[[ RECORDS SUPPLIED open ]]

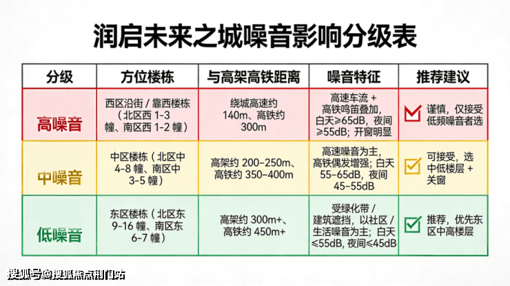 根据楼幢距离模型测算,我也大致整理了一份噪音影响的选房攻略,仅供参考,当然这个只是理论值。
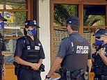 The closures affects many tourist businesses as well as pubs and bars. Above: police are seen closing speaking with a woman as they enforce the closure
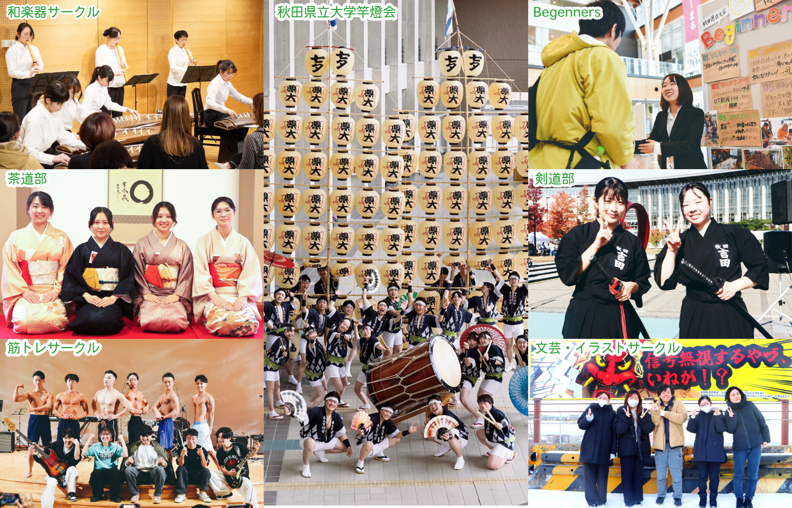 令和7年4月1日現在、秋田キャンパス・大潟キャンパス・本荘キャンパス合わせて、体育系37団体、文化系62団体のサークルが組織され、各種大会や学園祭において日頃の活動の成果を披露しています。秋田県立大学竿燈会、ツリーハウスサークル、ものづくりサークル S.E.I.M.など、本学の特色をいかした個性的でユニークなサークル&同好会が活発に活動しています。本荘キャンパス
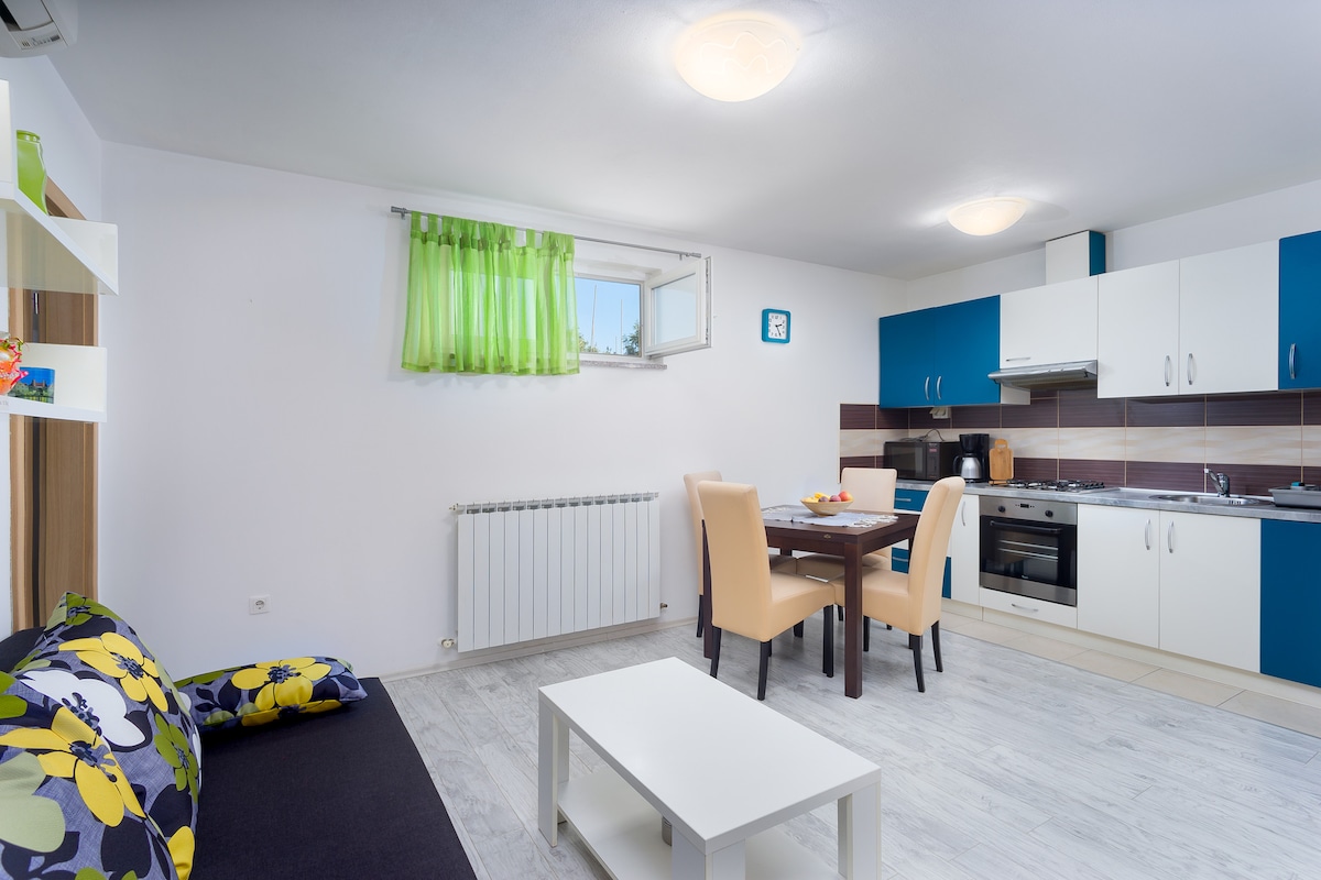 The Apartment is located just 10 min walk from the old city. The Apartment has one double bedroom and the Living room together with the kitchen,TV with a satellite channels,air condition and a terrace with barbecue,free Wi-Fi and parking space.
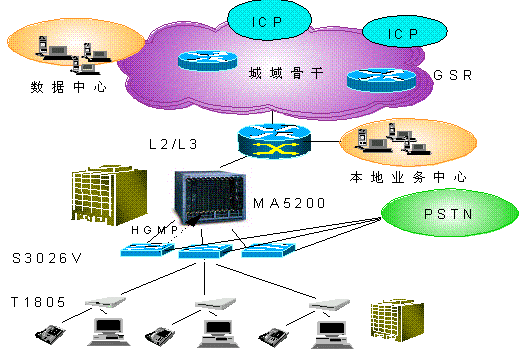 另外,Quidway S3026V可與華為公司MA5200等組網(wǎng),通過HGMP(Huawei Group Management Protocal)華為組管理協(xié)議,S3026V與華為MA5200、S3526等上行管理設備共同提供寬帶接入網(wǎng)的整網(wǎng)解決方案,實現(xiàn)對Quidway(R) S3026V的集中管理,為用戶提供更廣泛、更豐富的業(yè)務功能,充分體現(xiàn)華為公司在寬帶網(wǎng)絡上具有的“可運營、可管理、可維護”優(yōu)勢。 如圖2所示:
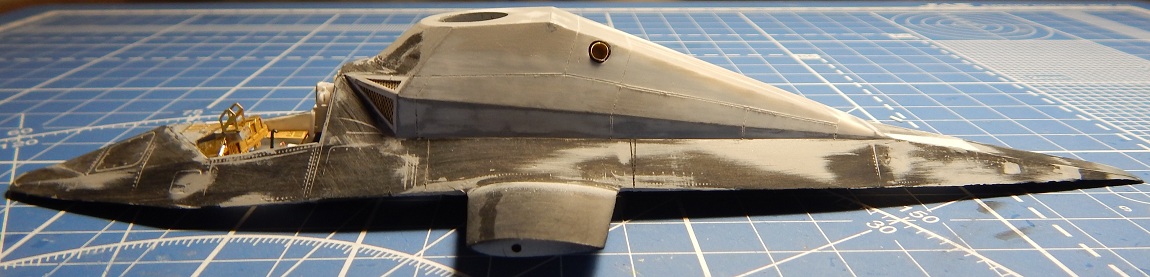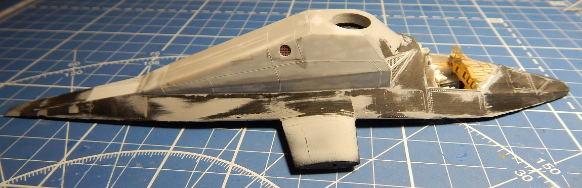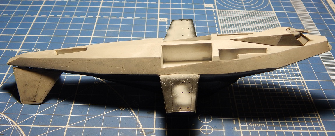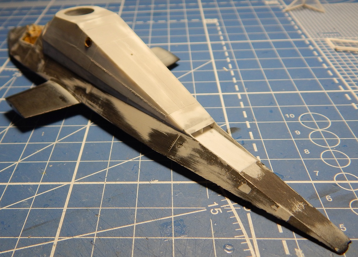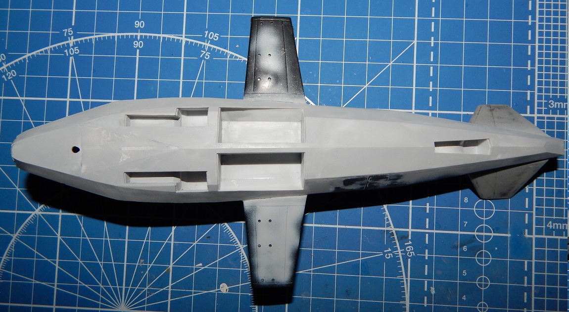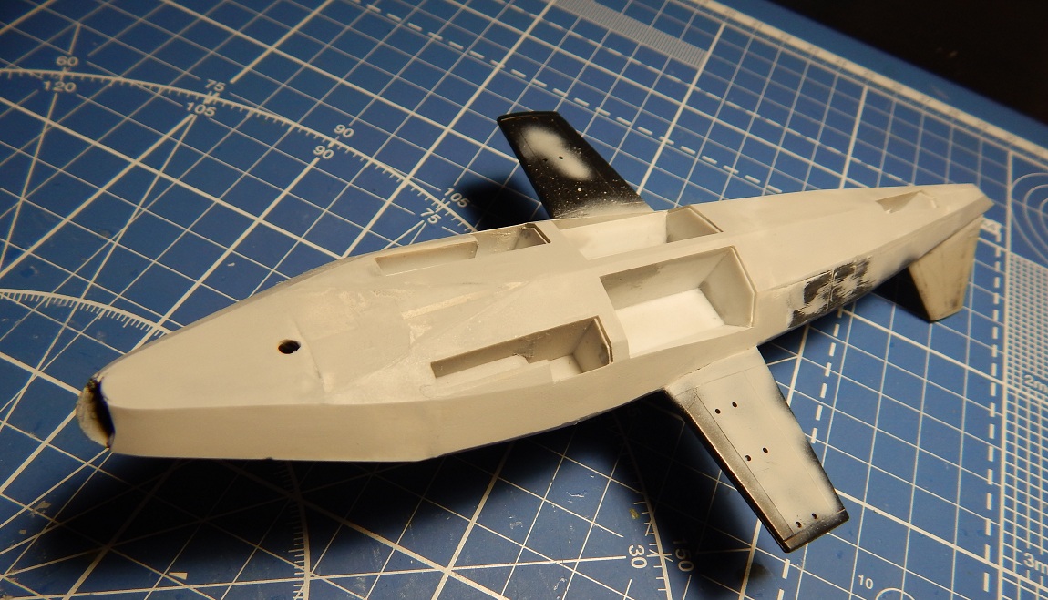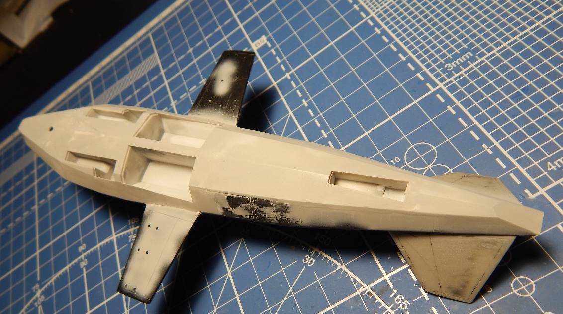 Осталось изготовить фонарь кабины и прогрунтовать фюзеляж, что бы найти недочеты, неровности, царапины, и не исправленные углы (линии).

[[ RECORDS SUPPLIED closed ]]

TASK DESCRIPTION:
Starting at the line that contains "The Apartment is", write out every line through the final line of the entries, word for word; skip any pictures.

OUTPUT FOR THIS EXERCISE:
 The Apartment is located just 10 min walk from the old city. The Apartment has one double bedroom and the Living room together with the kitchen,TV with a satellite channels,air condition and a terrace with barbecue,free Wi-Fi and parking space.
 另外,Quidway S3026V可與華為公司MA5200等組網(wǎng),通過HGMP(Huawei Group Management Protocal)華為組管理協(xié)議,S3026V與華為MA5200、S3526等上行管理設備共同提供寬帶接入網(wǎng)的整網(wǎng)解決方案,實現(xiàn)對Quidway(R) S3026V的集中管理,為用戶提供更廣泛、更豐富的業(yè)務功能,充分體現(xiàn)華為公司在寬帶網(wǎng)絡上具有的“可運營、可管理、可維護”優(yōu)勢。 如圖2所示:
 Осталось изготовить фонарь кабины и прогрунтовать фюзеляж, что бы найти недочеты, неровности, царапины, и не исправленные углы (линии).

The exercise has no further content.